Houve também o tempo de ignorar, renegar, repudiar, criticar, esconder e desacumular. O livro NO LOGO, de Naomi Klein, jogou um balde de água fria, ou melhor dizendo, de lama na minha cara. Como eu pude ter sido tão igênua, fútil e burra? Como perdi tanto tempo da minha vida e como as marcas poderiam ser tão tão cruéis? Me senti traída, enganada e fiquei magoada profundamente, sensivel que sou. E por tempos olhei torto por qualquer bocó que fizesse propaganda gratuita para as marcas, vestindo-as.

O VERDADEIRO AMOR

Mas admito que, no fundo no fundo, sempre nutri uma paixão incondicional por todas as marcas que usei, as que nunca quis usar ou as que nunca pude usar. Amor bandido.
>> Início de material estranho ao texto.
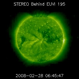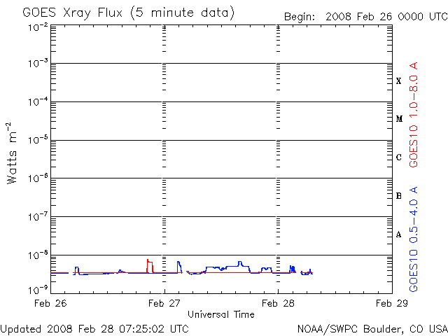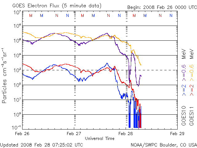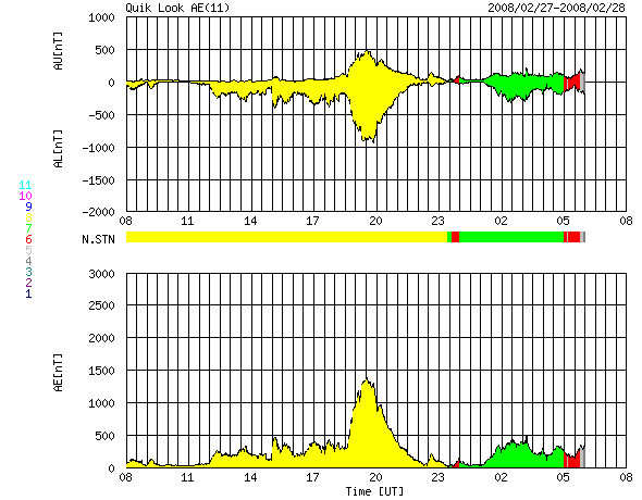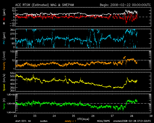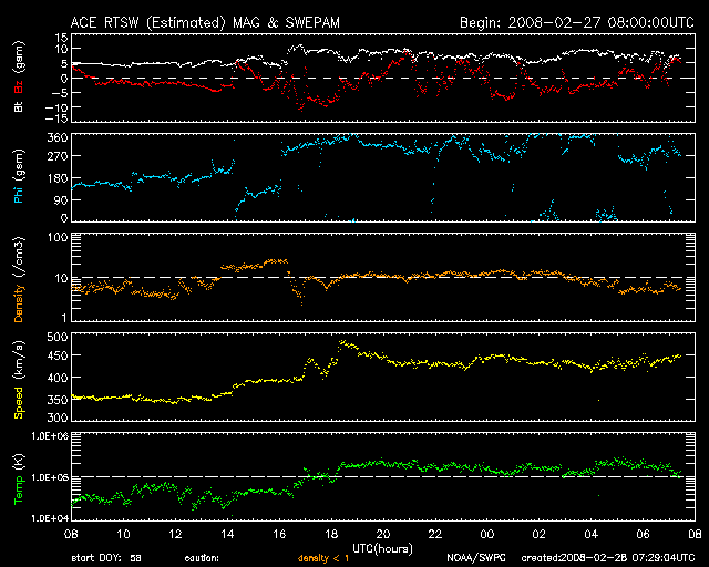 2008/ 2/28 16:30 更新 高速太陽風が始まりました。激しいオーロラ活動も起こっています。 担当 篠原 今回は台北の国際空港からです。 乗り継ぎの合間のため、時間がそれほどありません。今日は簡単に。 高速風の回帰が始まっています。 ACE衛星によると、今日、2月28日に入った頃(世界時では27日15時頃)から、 太陽風の磁場と速度がそれぞれ増加を始めました。 磁場は5nTから10nTに、速度は350km/秒から450km/秒に上がっています。 27日周期の図で前周期の変化を見ると、 速度の本格的な上昇は、まだこれからやって来ると思われます。 磁場強度が強まったままというのも、その可能性を示しています。 引き続き、太陽風の変化に注目してください。 磁場の南北成分を見ると、比較的大きく南北に変動しています。 そのため、南を向いた時に磁気圏のオーロラ活動を活発に起こしています。 AE指数では、1300nTに達する大きな活動が発生しています。 その後は、300nT前後の小規模活動が続いています。 今後、速度の上昇が見込まれるので、オーロラ活動も活発に続く可能性があります。 高速太陽風は、これから3〜4日程度続くと予想されます。 STEREOの太陽写真では、コロナホールが太陽の中心をやや通過した頃です。 STEREOの写真は、1日程度先を見ていますので、 この点でも、もう4日くらい続くというのは妥当な印象です。 また、この写真では、太陽の東端に次のコロナホールが顔を見せています。 こちらは、3月8日以降に予想される高速風の発生源です。 放射線帯の高エネルギー電子は、大きく数を減らしています。 今後増加に転じると思われますので、注意が必要です。 ACE衛星による1週間の太陽風データ。 (c) NOAA/SWPC ![]() STEREOによる太陽のコロナ。2月28日16時(世界時28日7時) (c) NASA ![]() ACEが観測した太陽風の磁場(1番上の枠、白線は全体の強度、赤線は南北成分) および、太陽風の密度(3番目の橙線)、速度(4番目の黄線) (c) NOAA/SWPC ![]() リアルタイムAE指数 下段のAEグラフの値が高くなると、オーロラ活動が活発化しています。 (c) 京都大学, NICT ![]() シベリアで観測された3日間の磁場データ 右側の3分の1が、昨日のデータになります。グラフが上がったり下がったりすると、オーロラ活動が活発化しています。 (c) NICT ![]() GOES衛星による、静止衛星軌道における高エネルギー電子の変化 (c) NOAA/SWPC ![]() SOHO衛星のMDIカメラによる太陽黒点 (c) SOHO (ESA & NASA) ![]() GOES衛星の太陽X線データ (c) NOAA/SWPC ![]() | |||||||||||||||||||||||||||||||||||||||||||||||||||||||||||||||||||||||||||||||||||||||||||||||||||||||||||||||||||||||||||||||||||||||||||||||||||||||||||||||||||||||||||||||||||||||||
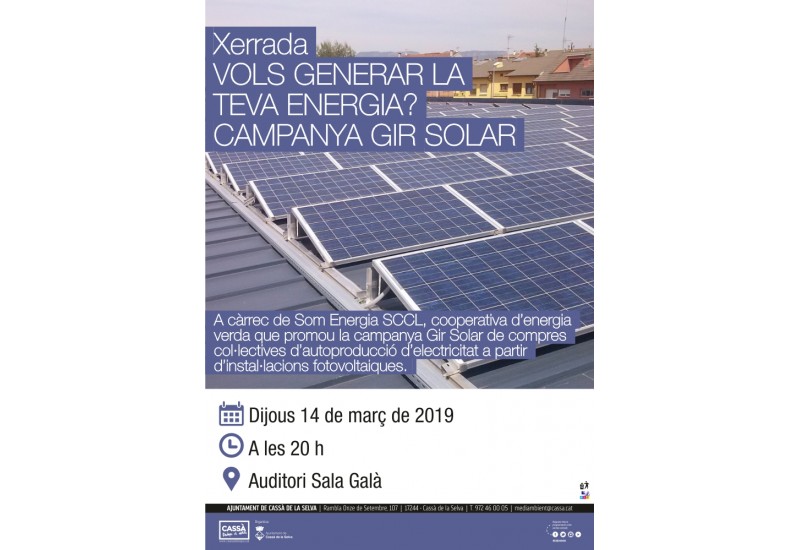 Aquest dijous 14 de març, a les 8 del vespre, la cooperativa Som Energia explicarà a Cassà de la Selva com generar la teva pròpia electricitat i parlarà de la campanya Gir Solar. El Gir Solar és una proposta per a 100 projectes “claus en mà” d’autoproducció fotovoltaica. Segueix l’exemple d’experiències que s’han realitzat en altres indrets que demostren que la manera més efectiva per impulsar instal•lacions solars domèstiques és sumar molts clients de cop, per tal d’abaratir preus i facilitar la feina d’instal•lació.

Sinto que muitos de meus antigos amores ficaram para trás, pararam no tempo. Outros morreram mesmo (algumas foi overdose, certeza!) e eu nem ficava sabendo do velório; simplesmente desapareciam.

O que aconteceu? Eram amores livres, despreparados, sem barreiras e com muito mix it up – trilharam histórias diferentes. Muitos eram inexperientes e também não estudaram; gostavam daquilo que faziam mas nunca se preocuparam em gerir formalmente; não fizeram suas estratégias de longo prazo, não souberam inovar e se (re)poscionar, ou se reinventar, apenas curtiram ao máximo sua juventude.

E de lá para cá, nessas inúmeras histórias de amor, foram promessas e mais promessas, cumpridas e descumpridas, acreditadas e desacreditadas, amores nacionais e transnacionais (anestesiava-me de tanto glamour), reprimidas, escondidas, exibidas, compartilhadas e contidas.

É por essas e outras que descobri minha vocação, e me alistei, independentemente de doutrinas, na Cruz Vermelha das marcas. Hoje estou mais para psicóloga que pra vítima, ajudando as marcas se fortalecerem no mercado de maneira sustentável, a partir de bases sólidas, com ética e respeito ao cliente.

E só pra (não) finalizar, alguns aninhos atrás tive de ouvir, do meu filho São Paulino e fã de lixo-food: Mamãe vamos comer no São Paulo? E pra explicar aquele logo?

E pra finalizar, me diz… antes de ler, você também achou que eu tinha endoidado??